Il giudice nella sua disamina si è anche soffermato sul frequente e recente ricorso ai decreti per limitare le libertà fondamentali e inderogabili dell’individuo. “Perché il Dpcm dell’8 marzo 2020 è illegittimo? Perché nei fatti ha introdotto una situazione di detenzione domiciliare che costituisce una forte, pesantissima, limitazione della libertà personale garantita dall’Articolo 13 della Costituzione. In realtà, la limitazione della libertà personale dovrebbe essere introdotta solo a seguito di una punizione erogata perché qualcuno ha sbagliato qualcosa. Le situazioni sono essenzialmente due: la prima è la commissione di un reato e l’erogazione di una pena. La seconda è l’applicazione di una misura cautelare: sulla scorta di gravi indizi di colpevolezza può essere adottata da un giudice su richiesta del pubblico ministero una misura che limiti la libertà personale. In entrambi i casi la limitazione deve avvenire sulla base della previsione di legge, di un provvedimento del giudice e dell’accertamento dei presupposti in grado di giustificare l’adozione di misure cautelari, cioè la sussistenza di un reato o di gravi indizi di colpevolezza”.

Dunque anche il decreto legge sfornato dal governo Draghi che ha sancito le chiusure del periodo pasquale potrebbe essere considerato illegittimo, non sussistendo le motivazioni previste per legge in grado di limitare la libertà personale ed essendo la misura in netto contrasto con quanto previsto da una norma di rango primario, come ha spiegato de Gioia con cognizione di causa.

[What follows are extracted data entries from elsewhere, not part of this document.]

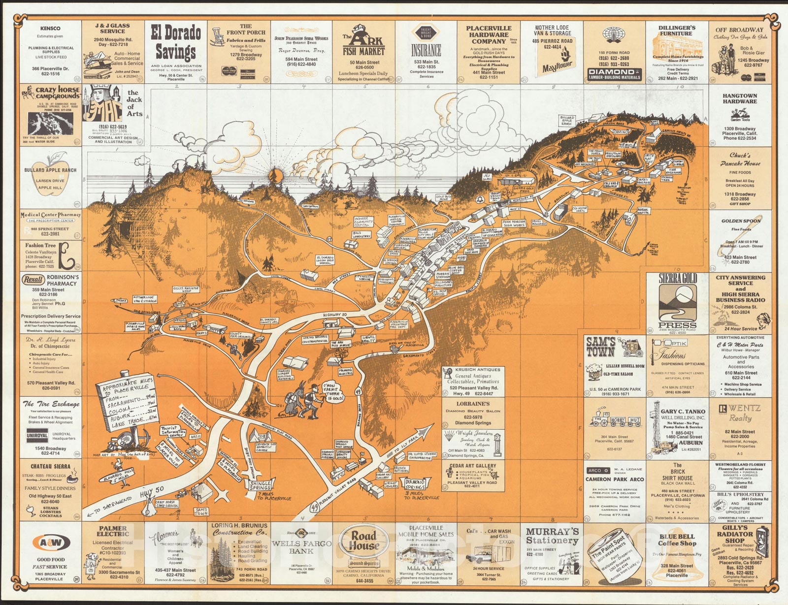 Historic Map : Placerville, California, c1975, , Vintage Wall Art
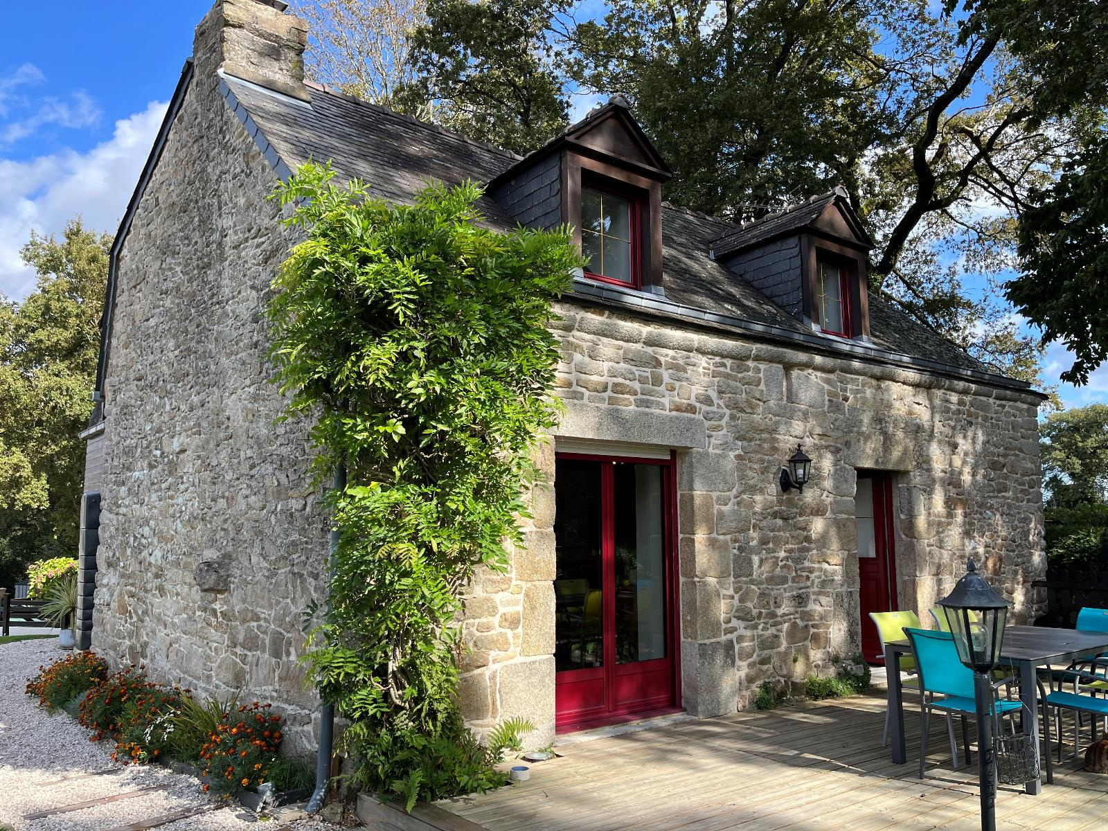 La Vraie-Croix (56250)La Vraie Croix, au calme d'une impasse, dans un environnement verdoyant et arboré, cette charmante maison en pierres sans vis-à-vis, offre un hall d'entrée, un grand salon avec cheminée, une cuisine équipée, cellier, une chambre avec salle d'eau. A l'étage, un grand dégagement distribue 3 chambres , une salle de bains , rangements. Vous serez charmés par la qualité de l'ensemble. Jardin clos et arboré.
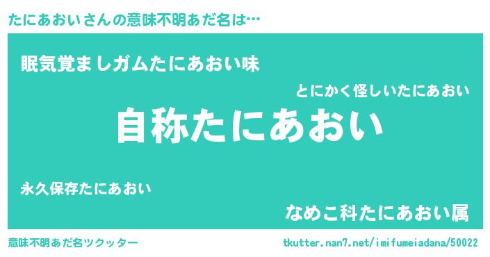 | 女子向けラノベタイトル風あだ名 | 『たにあおいストレイドッグス』 |
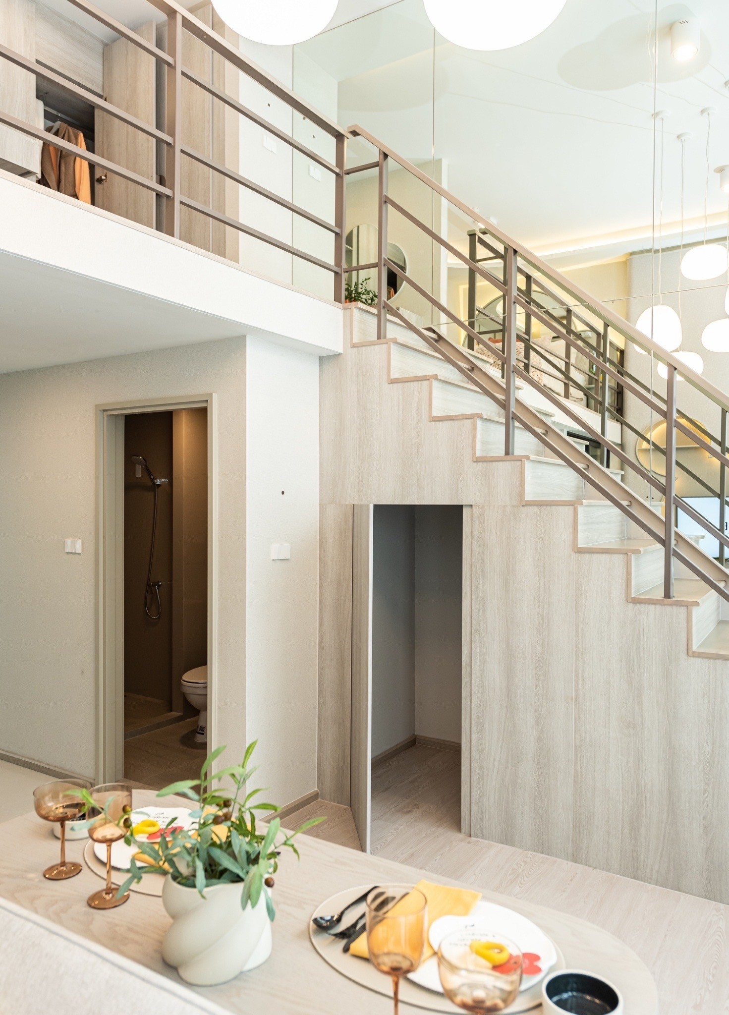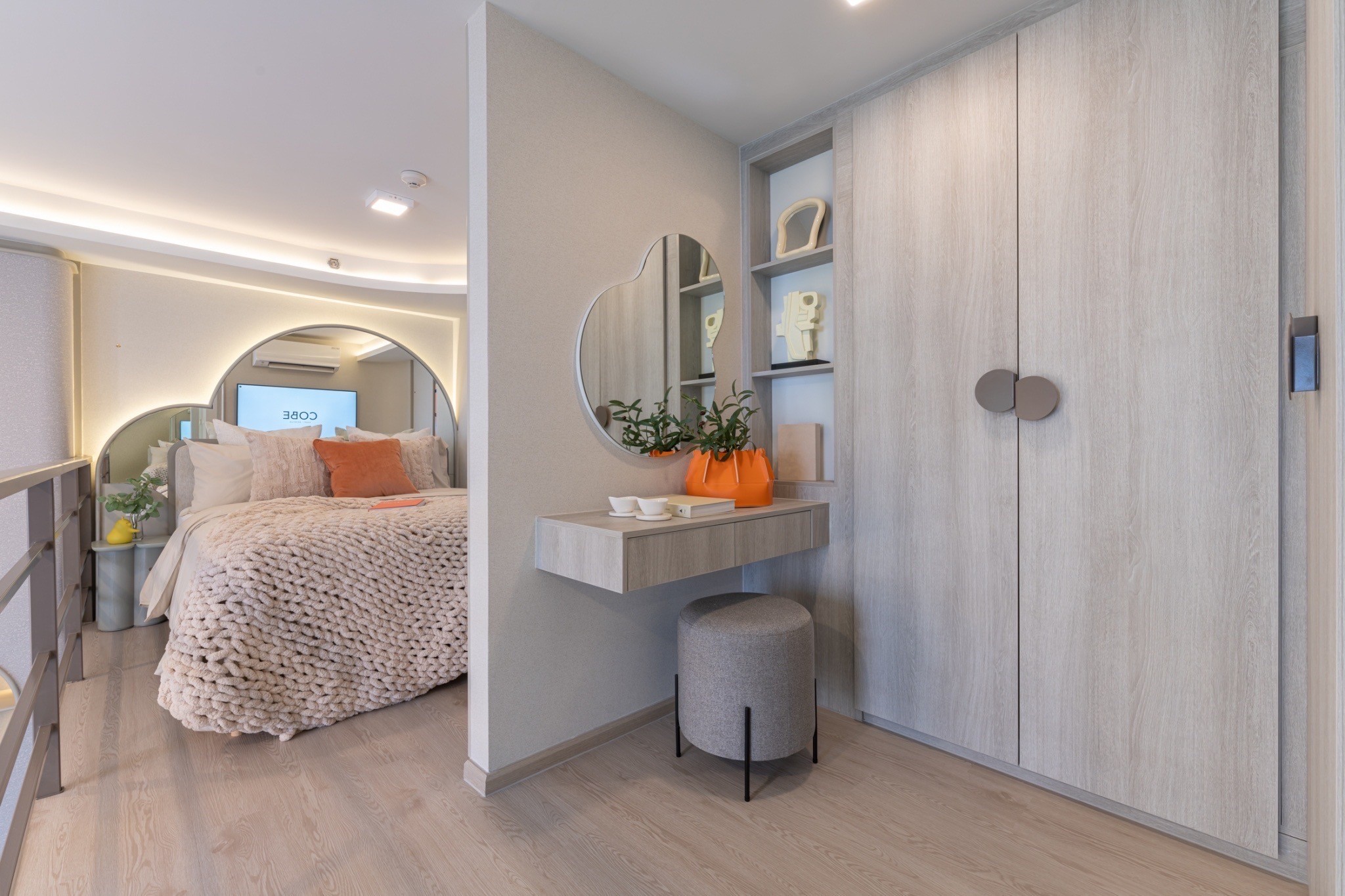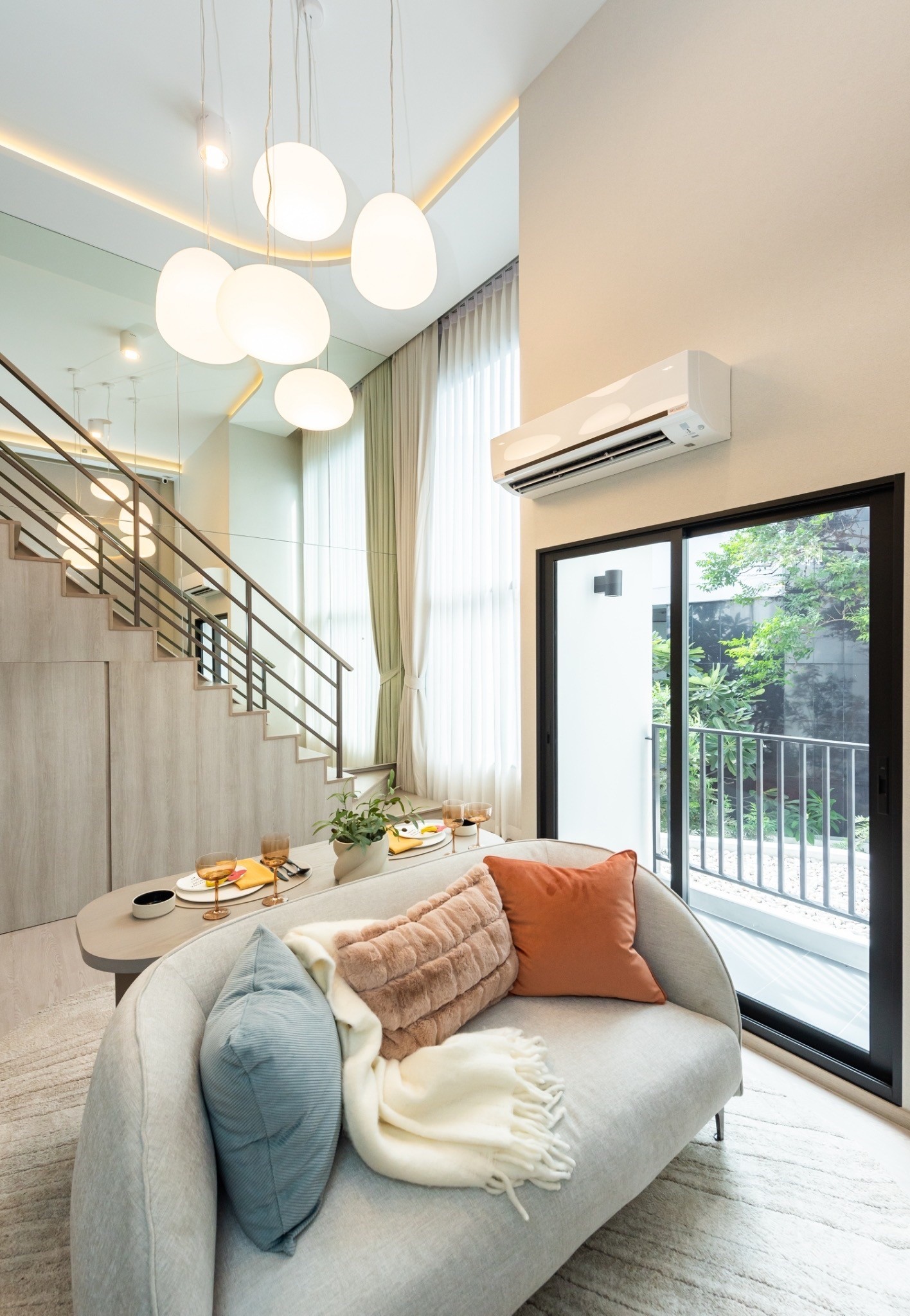 ห้องที่โดดเด่นที่สุดคือ High Ceiling Unit ที่อยู่ในชั้น 5–7 และ 20–22 มีทั้งแบบ Simplex และ Duplex เพดานสูงกว่า 4.7 เมตร ให้ความรู้สึกเหมือนอยู่อพาร์ตเมนต์หรู ในราคาคอนโดทั่วไป — นี่คือสิ่งที่ทำให้ COBE แตกต่างจากโครงการอื่นในย่านเดียวกัน

“L’articolo 13 della Costituzione spiega dunque che la libertà personale può essere limitata solo nei casi previsti dalla legge. Questa libertà così importante e sacra ha una doppia riserva: una riserva legislativa e una riserva giurisdizionale, perché ci deve essere un giudice che riconduca il provvedimento a un caso previsto dalla legge. Il giudice per le indagini premilinari De Luca nel corso di una recente sentenza ha aggiunto poi che nel caso del Dpcm dell’8 marzo 2020 non solo manca una legge o un atto avente forza di legge, ma manca anche un provvedimento del giudice. Questo fa sì che quel Dpcm debba essere considerato illegittimo, e siccome si tratta di un atto amministrativo avente contenuto generale normativo che ha valore di fonte secondaria, non ha l’attitudine a limitare un diritto costituzionalmente garantito”.

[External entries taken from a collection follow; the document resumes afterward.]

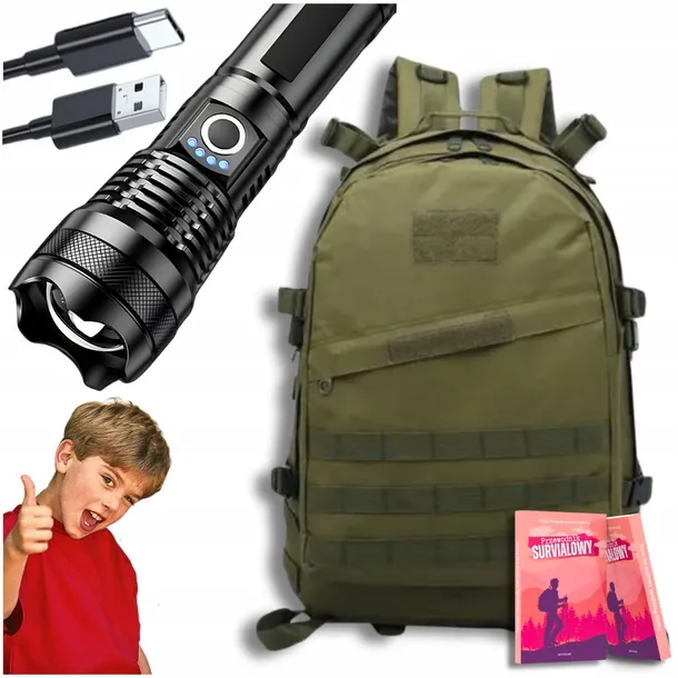 WOJSKOWY PLECAK TURYSTYCZNY ZIELONY 30L + LATARKA CZARNA MOCNA LED USB
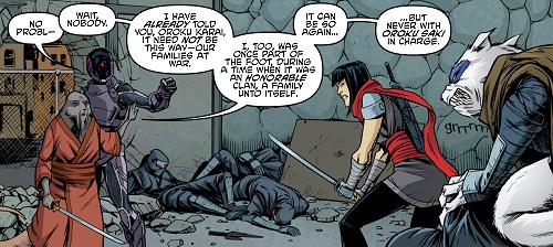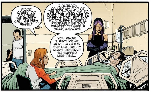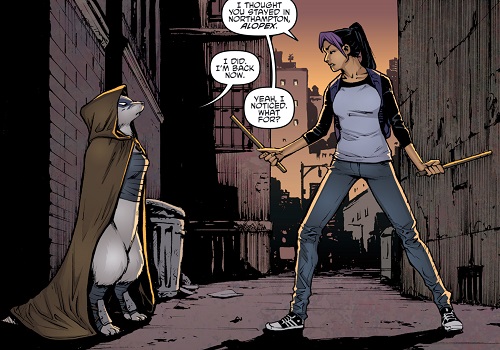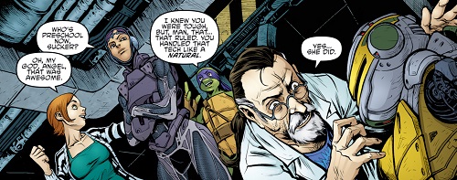 Par la suite, Angel prêta main forte à ses amis lors de la tentative de récupération du Foot Clan par Karai (TMNT #92). Elle se battit avec Alopex pour aider les tortues (TMNT #99) puis sur les toits de l’immeuble lors de l’arrivée des démons et du Dragon (TMNT #100).
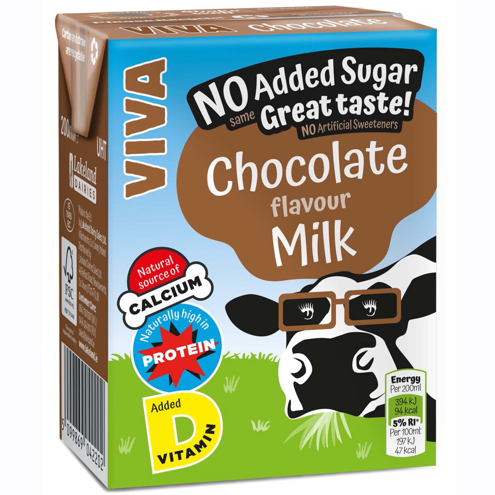 VIVA Chocolate No Added Sugar Milk Drinks | 27x200ml | Free Delivery
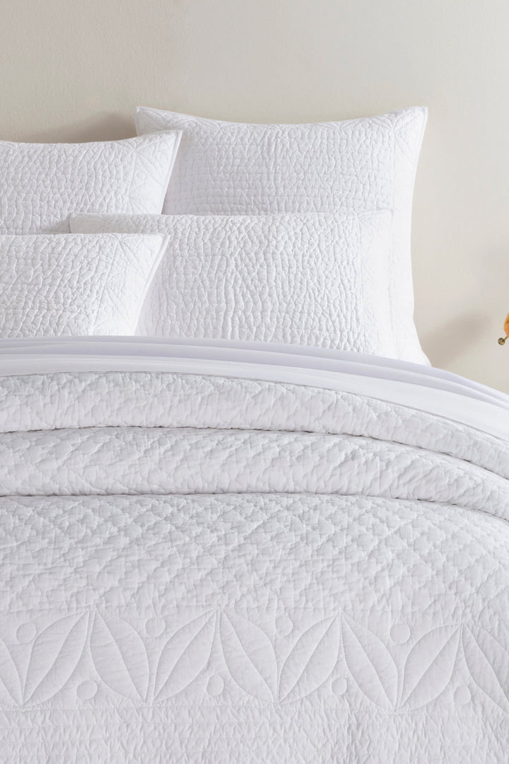 Start your day right with a Boutis inspired modern version of Grandma's clean and fresh, all white needleworked quilt. Crisp channels of mitered stitching border a central body of leaf motifs, comforting, cottony and cozy, evoking simpler more innocent days. Becomes the perfect lightly textured foundation for an all white bed, or to pile on an exuberance of colorful pillows and throws.

“Su questo – ha chiarito ancora de Gioia – è stata d’accordo anche la Corte Costituzionale quando ha affrontato le limitazioni delle libertà personali che erano meno pesanti di quelle che abbiamo vissuto noi nel contesto della permanenza domiciliare. La libertà personale, dunque, non poteva essere limitata per Dpcm, dunque il giudice penale è stato legittimato – nel caso della coppia obbligata a presentare l’autocertificazione – alla sua disapplicazione. Pertanto, non si tratta di limitazioni alla libertà di circolazione previste dall’articolo 16, come può accadere quando si vieta di recarsi in un determinato luogo per una situazione di pericolo concreto, ma di limitazioni alla libertà personale ascrivibili all’articolo 13, perché viene vietata l’uscita di casa perché tutta l’Italia viene considerata pericolosa. Io all’epoca un po’ agli arresti domiciliari mi ci sono sentito, e un po’ tutti abbiamo patito danni che ora a distanza di tempo è difficile fare valere”.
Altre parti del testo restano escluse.